Could the data below be retyped exactly, without its pictures?

[Stored entries]
========================

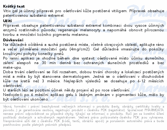 Vitix gel je účinný přípravek pro ošetřování kůže postižené vitiligem. Přípravek obsahuje patentovanou substanci extramel.
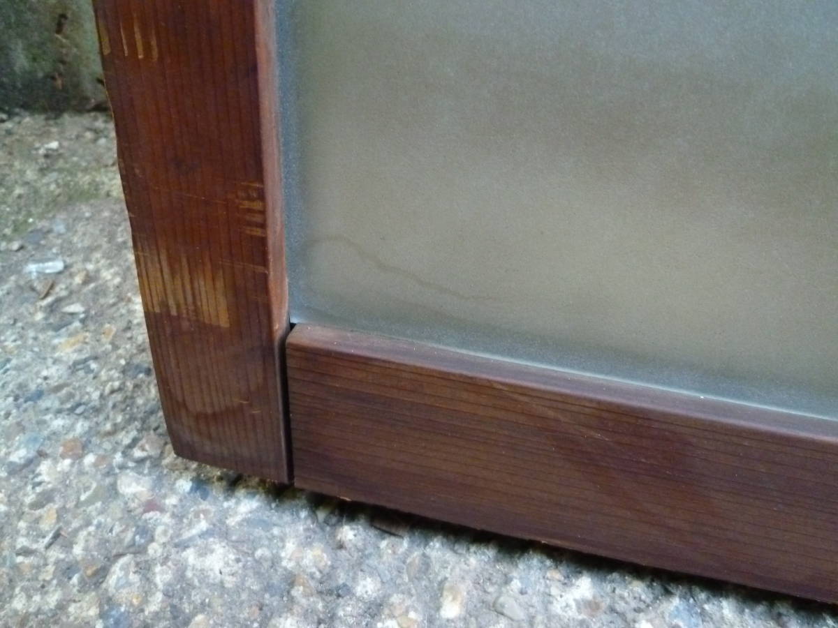 こちらはビンテージの木製の引き戸となります。レトロなガラスが付いています。ガラス上部に二箇所、真ん中に一箇所の欠けがあります。築100年の京都にある古民家で使用されていました。1枚です。高さ111.5cm、横幅87.5cm、奥行3cmです。アンティークな建具です。清掃しておりますが、傷、汚れなどございます。傷や欠損は写真をご参考ください。検品時チェックしておりますが、見落としや、保管時にダメージなどが生じる場合がございます。使用に際してメンテナンスや修繕が必要になることも多く、その場合はお客様自身でお願いいたします。以上、ご了承の上でご入札お願いいたします。
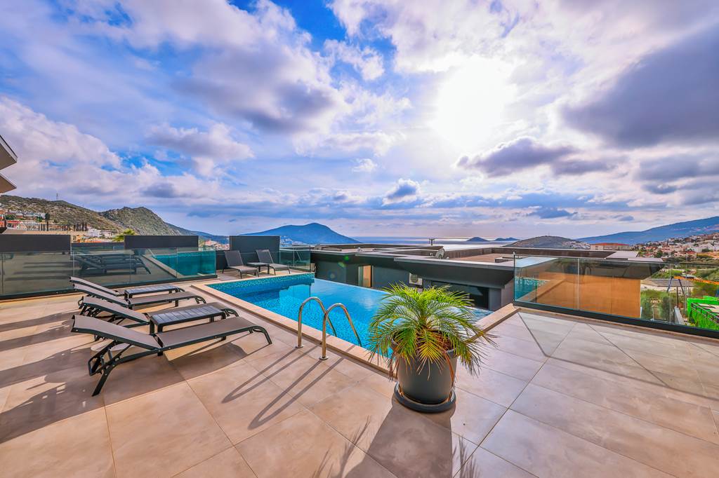 Villa Maiden Asra is a showstopper. Whether it’s a morning coffee on the balcony, a swim in the sparkling pool, or cocktails on the roof terrace - you’ll be in awe of the endless panoramas over Kalkan Bay and the sparkling Aegean Sea. Only a short drive from Kalkan’s bustling centre, excite your taste buds by visiting its famous rooftop bars and restaurants or exploring the old town and discovering its history. The exteriors are all about the wow factor, with a straight-cut architectural design that is sleek and sophisticated. The same can be said for the interiors, which are fenced with large windows that let in seeping sunlight that illuminates the whole villa. Outdoors, the sun terrace is the closest thing to paradise, directly looking out over the awe-inspiring seascape and swathed with lush gardens. The sun-lounger-lined pool is perfect for transitioning between a cooling swim and sunbathing. With multiple chill spots, you can top up the tan on the loungers, swing chairs, or comfy sofas. ... More
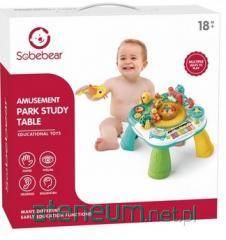 Kierownica Edukacyjna dla Niemowlaka Pomarańczowa Prezentowana zabawka edukacyjna to idealny produkt na pierwsze miesiące życia maluszka. Kierownica wyposażona w kolorowe przyciski sprawi dziecku wielką przyjemność, kiedy dotknięcie wybranego elementu będzie skutkowało pojawieniem się światełek i dźwięków zabawa jest jeszcze lepsza. Dziecko poznaje wtedy otaczający świat, dodatkowo rozwijając jego sprawność motoryczną i zdolności manualne, słuch oraz zdolność rozumienia świata, kształtów i kolorów Zabawka imitująca prawdziwą kierownicę znaną z samochodu rodziców przyniesie dziecku ogromną frajdę i będzie doskonałym rozwiązaniem w trakcie podroży samochodem. Ponadto z prawej strony zabawki znajduje się drążek zmiany biegów, a z lewej regulowane lusterko. Kierownica posiada ruchomy korpus, dzięki czemu można dostosować jej ustawienie do położenia dziecka. Rozmiar kierownicy jest doskonale dopasowany do rozmiaru małych rączek dziecka, co tylko ułatwi mu odkrywanie nowych dźwięków i zjawisk. Funkcje kierownicy: - dźwignia zmiany biegów znajdująca się po lewej stronie posiada 3 biegi i wydaje dźwięk zegara po włączeniu biegu - poniżej znajduje się piłeczka, kiedy dziecko będzie nią poruszać szeleści, a koraliki się poruszają - kręcąc kierownicą słychać stukot - lewy przycisk po prawej stronie załącza muzykę, natomiast drążek posiada trzy etapy, każde naciśnięcie spowoduje przełączenie jednej ścieżki, a lampka zacznie migać z rytmem muzyki - prawy przycisk po prawej stronie, aby odtworzyć 4 rodzaje efektów dźwiękowych w pętli. Każde naciśnięcie przełącza efekt dźwiękowy, a światło będzie migać wraz z efektem dźwiękowym - włączenie kluczyka spowoduje że usłyszymy jak startuje auto, a światło będzie się zmieniać razem z dźwiękiem. Wymiary kierownicy: 22 cm x 10 cm x 16 cm Wymiary opakowania: 27 cm x 15 cm x 17, 5 cm Dziecięca kierownica z deską rozdzielczą przeznaczona jest dla wszystkich maluchów powyżej 18. miesiąca życia, posiada certyfikat CE, gwarantujący bezpieczną zabawę. By dziecko mogło korzystać ze wszystkich funkcji zabawki, należy umieścić w niej dwie sztuki baterii AA 1,5 V, które nie są dołączone do zestawu.
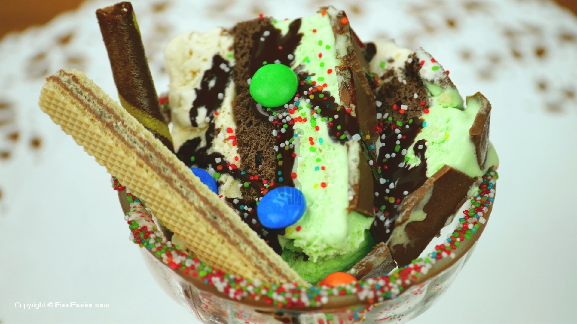 For glass decoration,take ice cream bowl, dip into melted chocolate and coat with rainbow sprinkles.
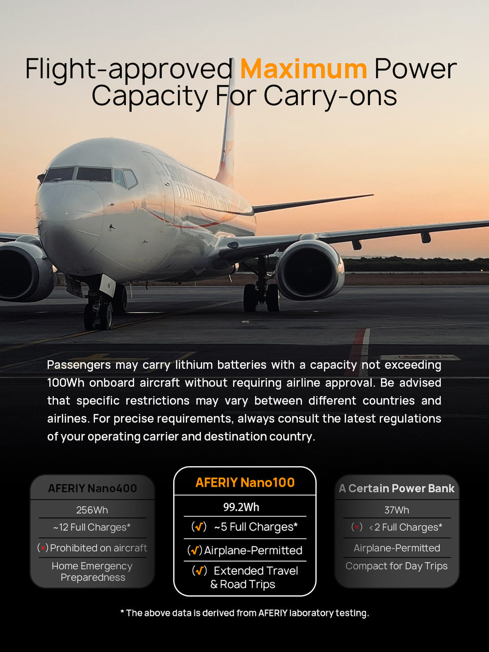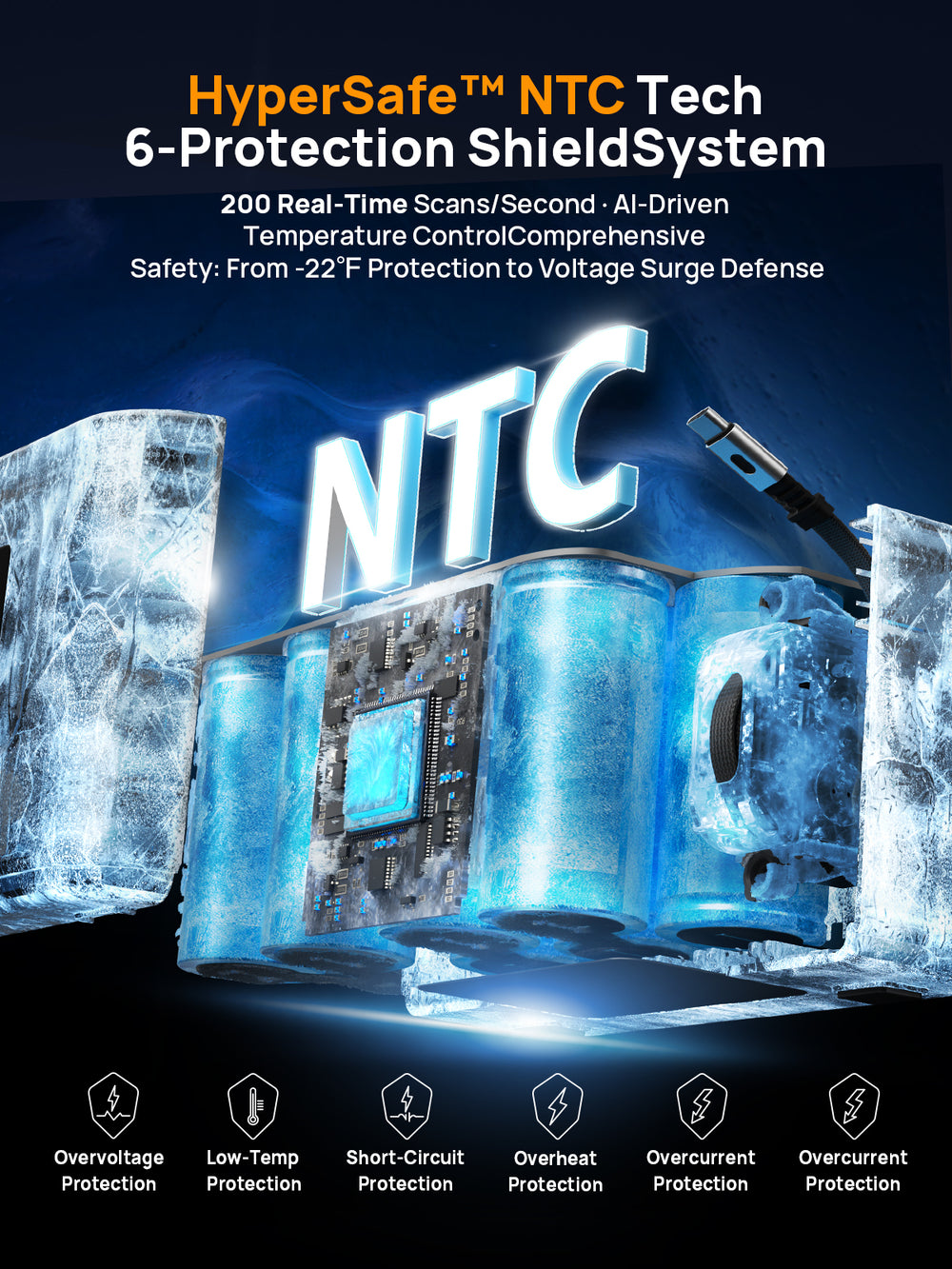 La stazione di ricarica portatile AFERIY Nano100 da 100 W integra la tecnologia NTC e una protezione 6 in 1 per evitare sovratensioni, sovraccarichi, surriscaldamenti, cortocircuiti, ecc. Sicurezza termica intelligente per una batteria LiFePO4 durevole, ideale in viaggio o in aereo.
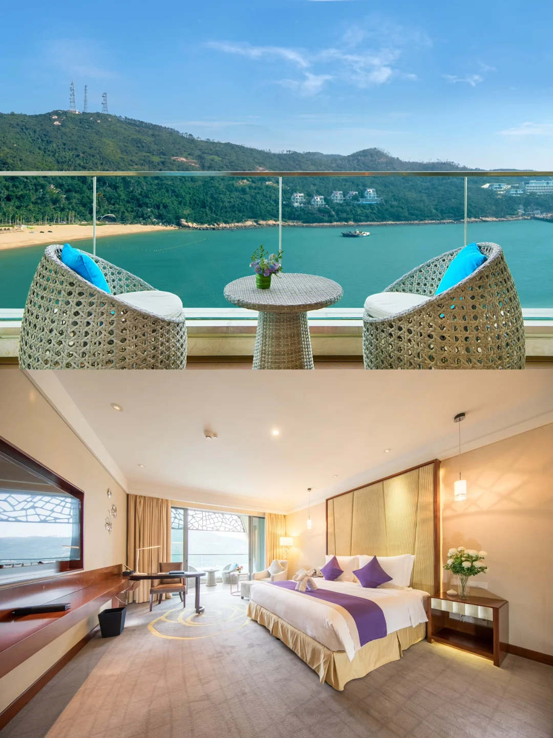 ✨一定要去楼下的南沙湾钻石沙滩逛逛,沙子又细又软,迎着微风听着海浪声,非常惬意。也可以在辽阔的大海上体验下刺激的香蕉船、摩托艇等水上项目,乐趣十足!
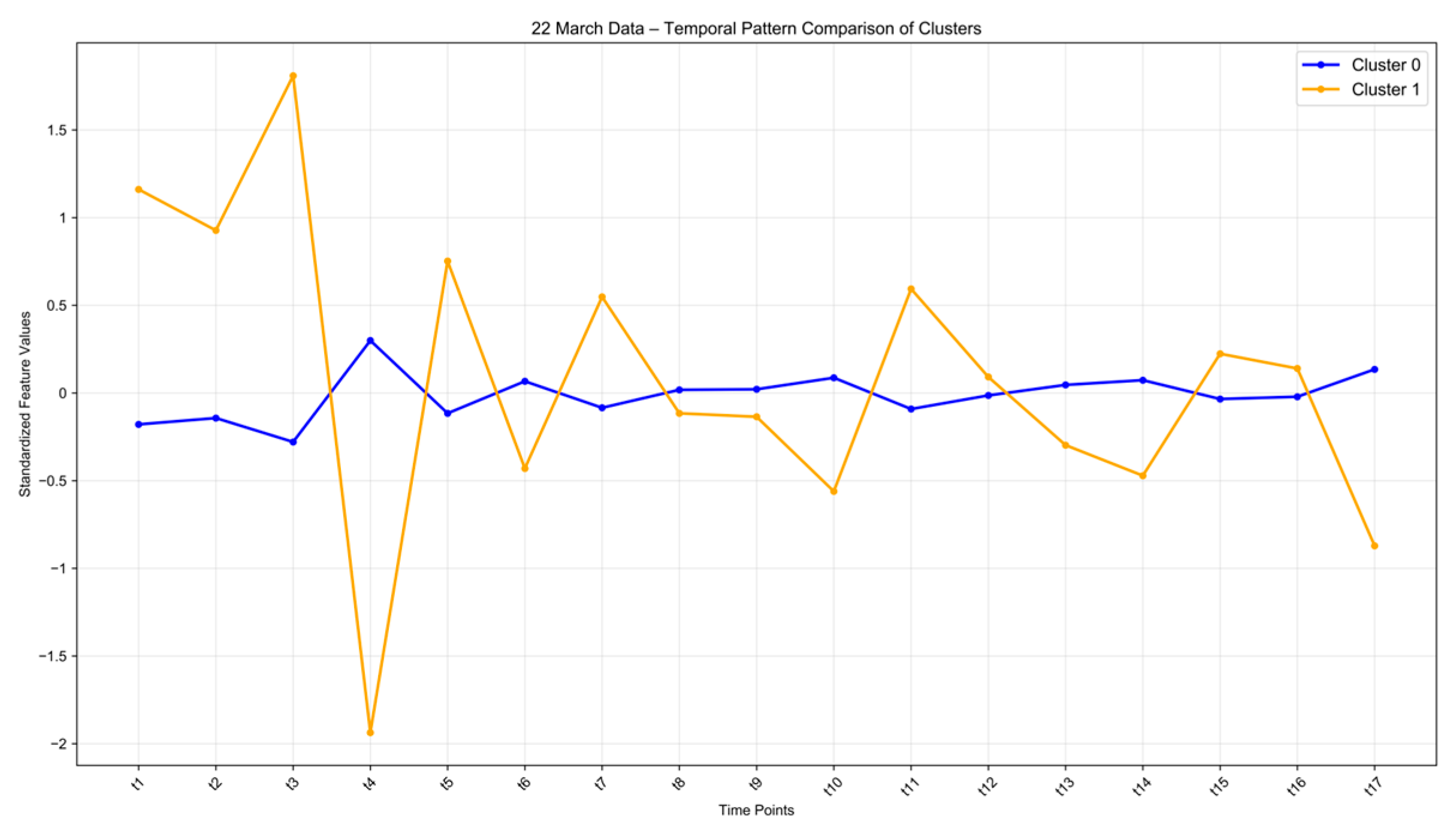 During the tourism off-season, in contrast to the overall gradual and sustained patterns of the peak season, Cluster 1 exhibits a pattern of general stability with localized fluctuations, as detailed in Figure 10. This is primarily because the peak season is driven by a continuous, steadily influx of external tourist traffic flows, whereas the off-season is propelled by the daily commuting and essential life trips of local residents, resulting in a more pulsating and volatile pattern. These areas primarily serve a transit or through-traffic function during the peak season but exhibit lower vitality during the off-season. Consequently, urban management should focus on enhancing the basic services in these areas to improve their year-round resilience and prevent seasonal underutilization or functional decline.
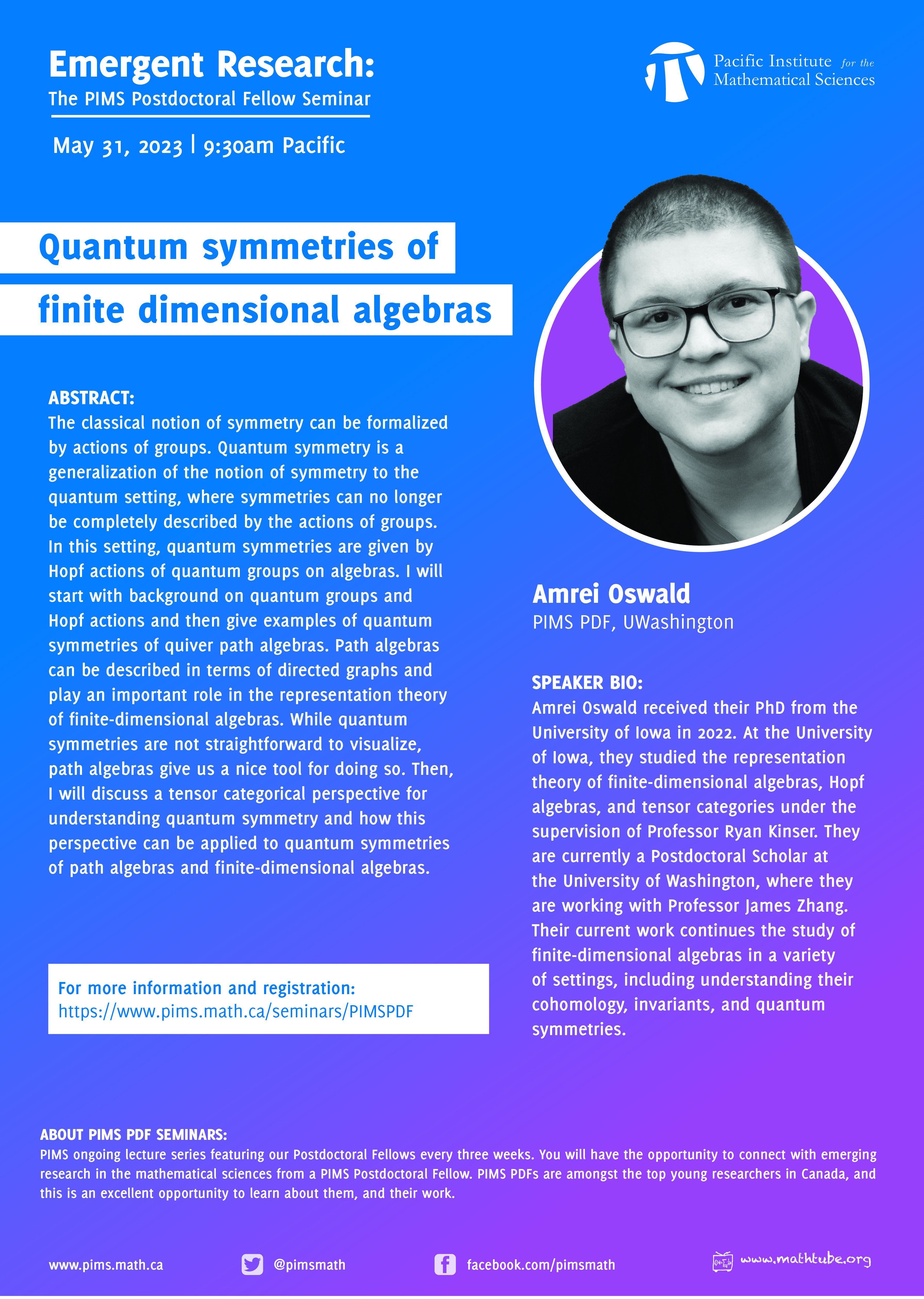Speaker biography: Amrei Oswald received their PhD from the University of Iowa in 2022. At the University of Iowa, they studied the representation theory of finite-dimensional algebras, Hopf algebras, and tensor categories under the supervision of Professor Ryan Kinser. They are currently a Postdoctoral Scholar at the University of Washington, where they are working with Professor James Zhang. Their current work continues the study of finite-dimensional algebras in a variety of settings, including understanding their cohomology, invariants, and quantum symmetries.

========================

» **SOLUTION FOR THIS TASK**:
 Vitix gel je účinný přípravek pro ošetřování kůže postižené vitiligem. Přípravek obsahuje patentovanou substanci extramel.
 こちらはビンテージの木製の引き戸となります。レトロなガラスが付いています。ガラス上部に二箇所、真ん中に一箇所の欠けがあります。築100年の京都にある古民家で使用されていました。1枚です。高さ111.5cm、横幅87.5cm、奥行3cmです。アンティークな建具です。清掃しておりますが、傷、汚れなどございます。傷や欠損は写真をご参考ください。検品時チェックしておりますが、見落としや、保管時にダメージなどが生じる場合がございます。使用に際してメンテナンスや修繕が必要になることも多く、その場合はお客様自身でお願いいたします。以上、ご了承の上でご入札お願いいたします。
 Villa Maiden Asra is a showstopper. Whether it’s a morning coffee on the balcony, a swim in the sparkling pool, or cocktails on the roof terrace - you’ll be in awe of the endless panoramas over Kalkan Bay and the sparkling Aegean Sea. Only a short drive from Kalkan’s bustling centre, excite your taste buds by visiting its famous rooftop bars and restaurants or exploring the old town and discovering its history. The exteriors are all about the wow factor, with a straight-cut architectural design that is sleek and sophisticated. The same can be said for the interiors, which are fenced with large windows that let in seeping sunlight that illuminates the whole villa. Outdoors, the sun terrace is the closest thing to paradise, directly looking out over the awe-inspiring seascape and swathed with lush gardens. The sun-lounger-lined pool is perfect for transitioning between a cooling swim and sunbathing. With multiple chill spots, you can top up the tan on the loungers, swing chairs, or comfy sofas. ... More
 Kierownica Edukacyjna dla Niemowlaka Pomarańczowa Prezentowana zabawka edukacyjna to idealny produkt na pierwsze miesiące życia maluszka. Kierownica wyposażona w kolorowe przyciski sprawi dziecku wielką przyjemność, kiedy dotknięcie wybranego elementu będzie skutkowało pojawieniem się światełek i dźwięków zabawa jest jeszcze lepsza. Dziecko poznaje wtedy otaczający świat, dodatkowo rozwijając jego sprawność motoryczną i zdolności manualne, słuch oraz zdolność rozumienia świata, kształtów i kolorów Zabawka imitująca prawdziwą kierownicę znaną z samochodu rodziców przyniesie dziecku ogromną frajdę i będzie doskonałym rozwiązaniem w trakcie podroży samochodem. Ponadto z prawej strony zabawki znajduje się drążek zmiany biegów, a z lewej regulowane lusterko. Kierownica posiada ruchomy korpus, dzięki czemu można dostosować jej ustawienie do położenia dziecka. Rozmiar kierownicy jest doskonale dopasowany do rozmiaru małych rączek dziecka, co tylko ułatwi mu odkrywanie nowych dźwięków i zjawisk. Funkcje kierownicy: - dźwignia zmiany biegów znajdująca się po lewej stronie posiada 3 biegi i wydaje dźwięk zegara po włączeniu biegu - poniżej znajduje się piłeczka, kiedy dziecko będzie nią poruszać szeleści, a koraliki się poruszają - kręcąc kierownicą słychać stukot - lewy przycisk po prawej stronie załącza muzykę, natomiast drążek posiada trzy etapy, każde naciśnięcie spowoduje przełączenie jednej ścieżki, a lampka zacznie migać z rytmem muzyki - prawy przycisk po prawej stronie, aby odtworzyć 4 rodzaje efektów dźwiękowych w pętli. Każde naciśnięcie przełącza efekt dźwiękowy, a światło będzie migać wraz z efektem dźwiękowym - włączenie kluczyka spowoduje że usłyszymy jak startuje auto, a światło będzie się zmieniać razem z dźwiękiem. Wymiary kierownicy: 22 cm x 10 cm x 16 cm Wymiary opakowania: 27 cm x 15 cm x 17, 5 cm Dziecięca kierownica z deską rozdzielczą przeznaczona jest dla wszystkich maluchów powyżej 18. miesiąca życia, posiada certyfikat CE, gwarantujący bezpieczną zabawę. By dziecko mogło korzystać ze wszystkich funkcji zabawki, należy umieścić w niej dwie sztuki baterii AA 1,5 V, które nie są dołączone do zestawu.
 For glass decoration,take ice cream bowl, dip into melted chocolate and coat with rainbow sprinkles.
 La stazione di ricarica portatile AFERIY Nano100 da 100 W integra la tecnologia NTC e una protezione 6 in 1 per evitare sovratensioni, sovraccarichi, surriscaldamenti, cortocircuiti, ecc. Sicurezza termica intelligente per una batteria LiFePO4 durevole, ideale in viaggio o in aereo.
 ✨一定要去楼下的南沙湾钻石沙滩逛逛,沙子又细又软,迎着微风听着海浪声,非常惬意。也可以在辽阔的大海上体验下刺激的香蕉船、摩托艇等水上项目,乐趣十足!
 During the tourism off-season, in contrast to the overall gradual and sustained patterns of the peak season, Cluster 1 exhibits a pattern of general stability with localized fluctuations, as detailed in Figure 10. This is primarily because the peak season is driven by a continuous, steadily influx of external tourist traffic flows, whereas the off-season is propelled by the daily commuting and essential life trips of local residents, resulting in a more pulsating and volatile pattern. These areas primarily serve a transit or through-traffic function during the peak season but exhibit lower vitality during the off-season. Consequently, urban management should focus on enhancing the basic services in these areas to improve their year-round resilience and prevent seasonal underutilization or functional decline.
Speaker biography: Amrei Oswald received their PhD from the University of Iowa in 2022. At the University of Iowa, they studied the representation theory of finite-dimensional algebras, Hopf algebras, and tensor categories under the supervision of Professor Ryan Kinser. They are currently a Postdoctoral Scholar at the University of Washington, where they are working with Professor James Zhang. Their current work continues the study of finite-dimensional algebras in a variety of settings, including understanding their cohomology, invariants, and quantum symmetries.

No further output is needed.